BEGIN Supplied data

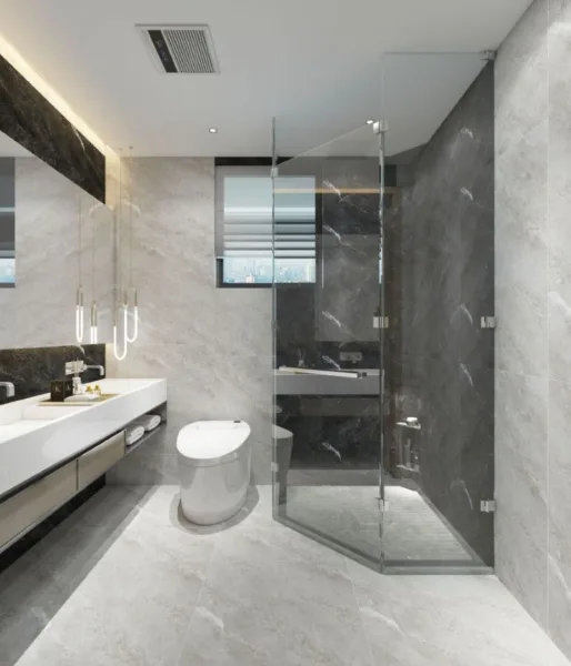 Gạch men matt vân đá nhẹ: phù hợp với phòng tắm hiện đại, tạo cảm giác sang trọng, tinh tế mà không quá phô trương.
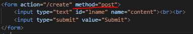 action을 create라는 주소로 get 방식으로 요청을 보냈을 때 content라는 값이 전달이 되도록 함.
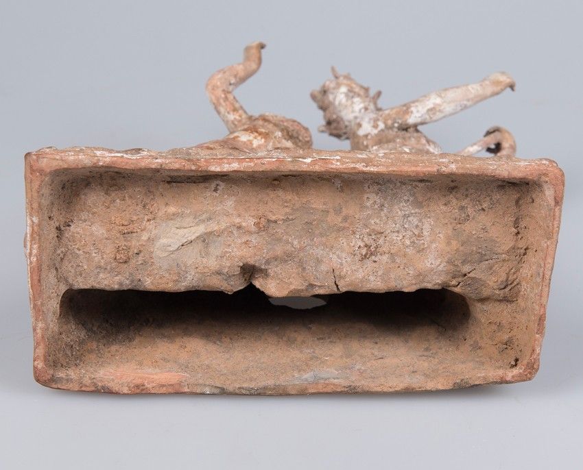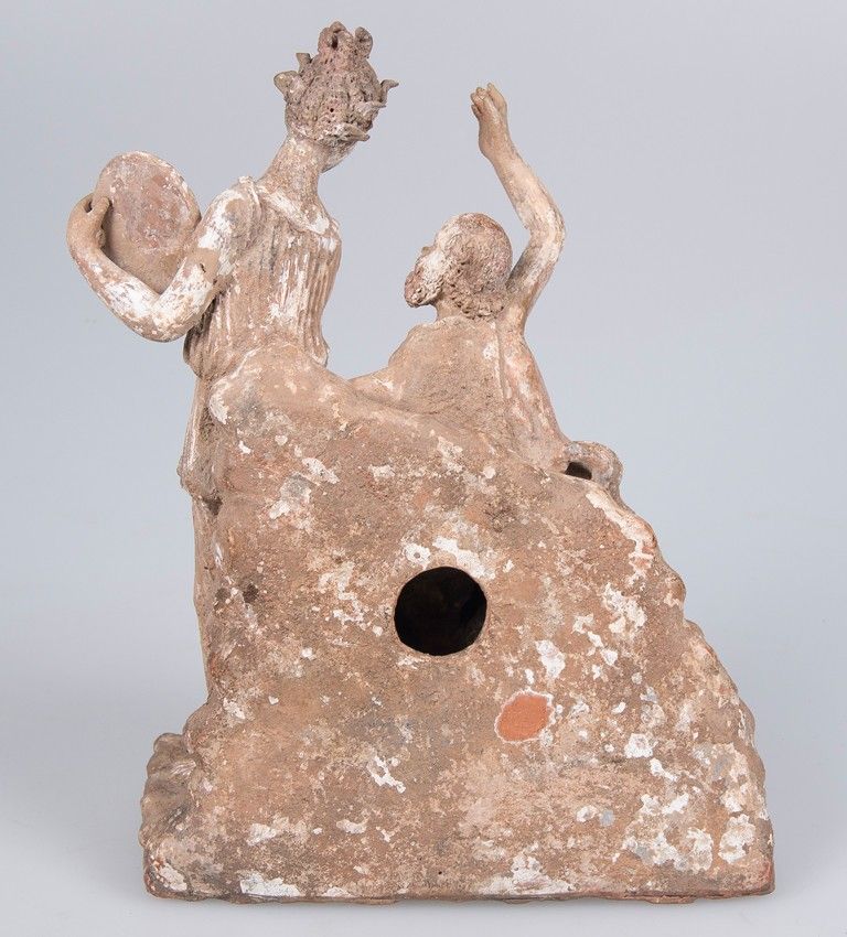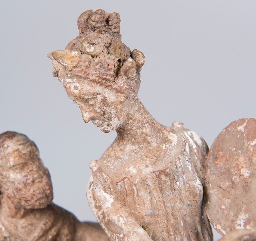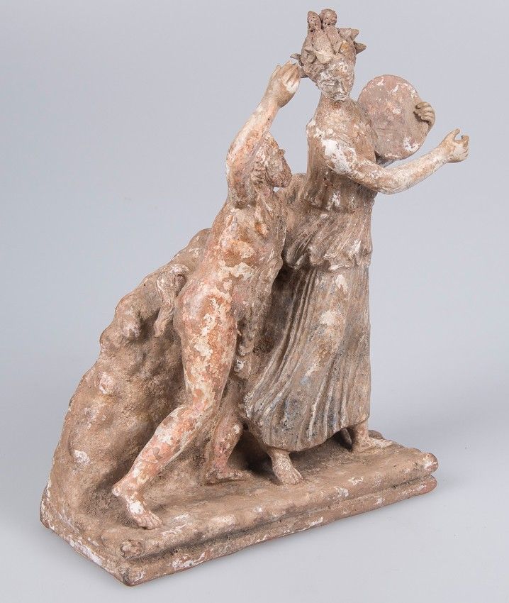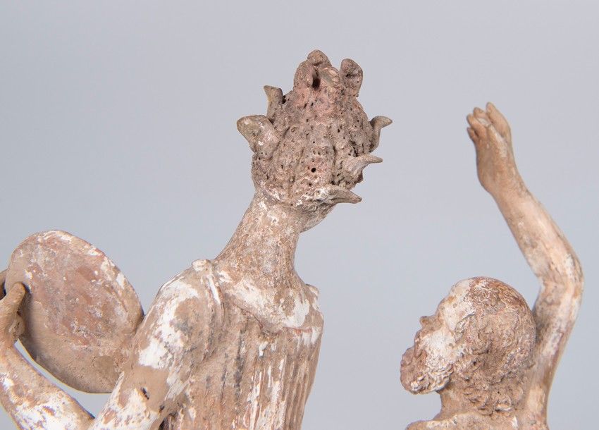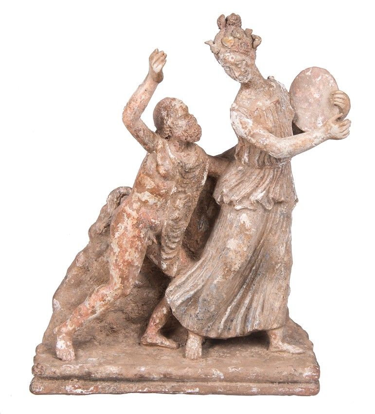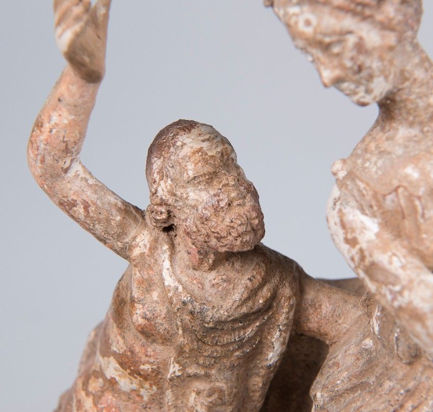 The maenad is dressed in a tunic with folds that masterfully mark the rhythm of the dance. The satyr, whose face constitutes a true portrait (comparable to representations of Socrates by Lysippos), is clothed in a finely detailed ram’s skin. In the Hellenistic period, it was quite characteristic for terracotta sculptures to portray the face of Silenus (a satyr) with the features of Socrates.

END Supplied data

> Exercise
Reproduce the full listing faithfully, but do not carry over any pictures.

> Answer for the task
 Gạch men matt vân đá nhẹ: phù hợp với phòng tắm hiện đại, tạo cảm giác sang trọng, tinh tế mà không quá phô trương.
 action을 create라는 주소로 get 방식으로 요청을 보냈을 때 content라는 값이 전달이 되도록 함.
 The maenad is dressed in a tunic with folds that masterfully mark the rhythm of the dance. The satyr, whose face constitutes a true portrait (comparable to representations of Socrates by Lysippos), is clothed in a finely detailed ram’s skin. In the Hellenistic period, it was quite characteristic for terracotta sculptures to portray the face of Silenus (a satyr) with the features of Socrates.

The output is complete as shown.